Article d’Errico Malatesta paru dans Le Réveil anarchiste, n° 907, 22 septembre 1934.
Chers compagnons,
Une feuille de langue française a voulu s’occuper de ce que j’ai dit dans la conférence antiparlementaire qui fut tenue, à Londres, le 3 du mois d’août, dans la salle du club Autonomie, et elle m’a fait dire à peu près le contraire de ce que j’ai dit réellement.
Voulez-vous me permettre de rétablir la vérité ? Cela pourrait aussi, peut-être, donner occasion à une discussion entre compagnons sur des questions qui intéressent au plus haut degré le parti anarchiste.
Voici donc les idées que j’exposai devant les compagnons réunis à l’Autonomie —, un peu plus développées que je ne pus le faire dans le peu de temps dont chaque orateur pouvait disposer.
Le problème principal que la conférence se propose, c’est le moyen d’assurer la solidarité internationale dans l’action révolutionnaire.
Cela se réduit à la question déjà tant discutée, de l’organisation ; question qui intéresse aussi bien l’action internationale que l’action nationale ou locale.
Il y a parmi les anarchistes des compagnons qui repoussent toute idée d’organisation de peur qu’elle puisse créer une autorité et entraver la libre initiative.

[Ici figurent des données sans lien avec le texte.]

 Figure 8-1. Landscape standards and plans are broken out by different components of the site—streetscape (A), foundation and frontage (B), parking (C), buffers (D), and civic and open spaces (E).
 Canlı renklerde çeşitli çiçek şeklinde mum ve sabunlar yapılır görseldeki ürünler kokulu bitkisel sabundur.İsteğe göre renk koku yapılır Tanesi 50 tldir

Certainement toutes ou presque toutes les organisations révolutionnaires qu’on a fait dans le passé ont été plus ou moins entachées d’autoritarisme ; mais peut-on déduire de cela que toute organisation soit nécessairement autoritaire ? Certainement non. Une organisation est autoritaire quand il y a parmi ses membres une partie qui veut exercer l’autorité et une autre partie qui est disposée à la subir ; une organisation entre anarchistes consciente est nécessairement libertaire.

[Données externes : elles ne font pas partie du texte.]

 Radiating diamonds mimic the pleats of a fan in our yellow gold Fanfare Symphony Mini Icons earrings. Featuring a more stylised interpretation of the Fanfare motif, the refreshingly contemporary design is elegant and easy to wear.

Bien plus : le seul fait de ne pas savoir concevoir une organisation sans autorité est une preuve que l’idée anarchiste n’est pas bien pénétrée dans nos cerveaux. En effet, qu’est-ce que c’est qu’une société anarchiste sinon une organisation sans autorité ? Et si cela est possible dans la société future pour la satisfaction de tous les besoins humains, pourquoi ne le serait-il pas aujourd’hui, entre ceux qui comprennent et sentent l’Anarchie, pour les besoins de la lutte contre la Bourgeoisie ?

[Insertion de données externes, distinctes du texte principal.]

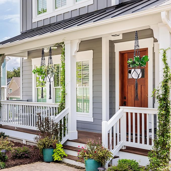 Sorbus Macrame Plant Hanger (8 Pack) Indoor Outdoor Hanging Plant Pots Cotton Rope, Elegant for Home, Patio, Garden (Black)

L’organisation autoritaire est dangereuse et funeste pour la révolution : elle met tout le mouvement à la merci des idées particulières, ou même de la défaillance ou de la trahison de quelques chefs ; elle offre le flanc aux coups de force des gouvernements, et, ce qui est le pire de tout, elle habitue les révolutionnaires à abdiquer leur initiative dans les mains de quelques-uns, et le peuple à attendre le salut d’une providence quelconque.
Mais, d’autre part, la non-organisation c’est l’impuissance et la mort ; elle habitue à l’insolidarité, à la rivalité haineuse de chacun contre tous et aboutit à l’inaction.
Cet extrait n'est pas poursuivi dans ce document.